La legge proposta contiene alcune timide, anche se encomiabili, disposizioni per gli investimenti pubblici locali, la sanità, la ricerca e la scuola, ma il capitolo investimenti, a parte la conferma di alcuni incentivi e uno stanziamento di incerto e protratto impatto pluriennale (dal 2022 al 2036) di circa 89 miliardi, può essere interpretato solo nel quadro, tutto da risolvere, della programmazione del Pnrr.

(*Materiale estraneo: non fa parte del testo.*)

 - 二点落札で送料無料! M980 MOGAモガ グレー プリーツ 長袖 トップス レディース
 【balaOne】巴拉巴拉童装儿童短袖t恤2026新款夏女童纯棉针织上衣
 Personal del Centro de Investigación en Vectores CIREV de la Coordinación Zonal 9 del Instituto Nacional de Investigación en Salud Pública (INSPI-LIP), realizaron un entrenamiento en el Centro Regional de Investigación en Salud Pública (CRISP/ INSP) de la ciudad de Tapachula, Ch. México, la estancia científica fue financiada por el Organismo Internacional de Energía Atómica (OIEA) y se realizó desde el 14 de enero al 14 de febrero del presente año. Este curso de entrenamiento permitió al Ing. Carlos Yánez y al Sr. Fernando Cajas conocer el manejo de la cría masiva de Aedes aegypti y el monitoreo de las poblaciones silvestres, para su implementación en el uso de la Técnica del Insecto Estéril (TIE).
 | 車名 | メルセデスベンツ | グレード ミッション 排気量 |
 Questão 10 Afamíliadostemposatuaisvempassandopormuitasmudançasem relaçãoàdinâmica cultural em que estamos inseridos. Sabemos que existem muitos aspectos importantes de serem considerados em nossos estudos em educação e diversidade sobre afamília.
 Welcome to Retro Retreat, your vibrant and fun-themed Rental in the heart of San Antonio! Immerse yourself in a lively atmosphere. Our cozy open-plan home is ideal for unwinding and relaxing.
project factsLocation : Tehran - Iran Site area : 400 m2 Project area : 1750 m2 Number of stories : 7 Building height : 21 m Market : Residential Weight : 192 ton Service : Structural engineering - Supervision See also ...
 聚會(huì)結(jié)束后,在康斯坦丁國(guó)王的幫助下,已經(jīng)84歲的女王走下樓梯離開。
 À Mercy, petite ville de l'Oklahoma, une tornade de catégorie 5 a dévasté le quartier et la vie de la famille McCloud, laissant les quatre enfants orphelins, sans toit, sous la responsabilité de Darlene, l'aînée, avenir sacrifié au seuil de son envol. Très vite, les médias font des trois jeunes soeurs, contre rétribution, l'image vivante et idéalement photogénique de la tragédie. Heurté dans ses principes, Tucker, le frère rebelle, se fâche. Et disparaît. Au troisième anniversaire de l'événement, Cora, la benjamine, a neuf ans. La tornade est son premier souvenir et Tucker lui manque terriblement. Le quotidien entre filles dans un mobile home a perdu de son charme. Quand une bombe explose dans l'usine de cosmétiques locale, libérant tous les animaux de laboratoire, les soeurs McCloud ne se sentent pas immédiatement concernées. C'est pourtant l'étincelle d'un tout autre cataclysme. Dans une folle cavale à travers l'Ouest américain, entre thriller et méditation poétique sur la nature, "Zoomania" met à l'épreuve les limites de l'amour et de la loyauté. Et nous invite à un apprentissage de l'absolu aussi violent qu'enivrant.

Questo nesso rimane elusivo e preoccupante poiché crescita e sviluppo dipendono in modo cruciale dalla componente investimenti pubblici, sia per la comprovata maggiore incidenza di questi ultimi rispetto alla spesa corrente, in termini di stimolo della domanda e di espansione dell’offerta, sia per l’effetto acceleratore che essi possono indurre negli investimenti privati, che sono il vero motore dell’economia nel breve e nel lungo termine.
Nel complesso, si tratta di una legge di bilancio ecumenica, ma interlocutoria, scritta con il fiato sospeso, per così dire, sulla pandemia, la ripresa economica e il loro incerto decorso. La legge distribuisce risorse, stimoli di spesa (e deficit) tra le parti in causa, senza un chiaro modello di intervento, ma usando generosità e buon senso. Nello sfondo, la speranza di uscire dall’emergenza e che le riforme e gli investimenti previsti dal Pnrr siano realizzati con successo.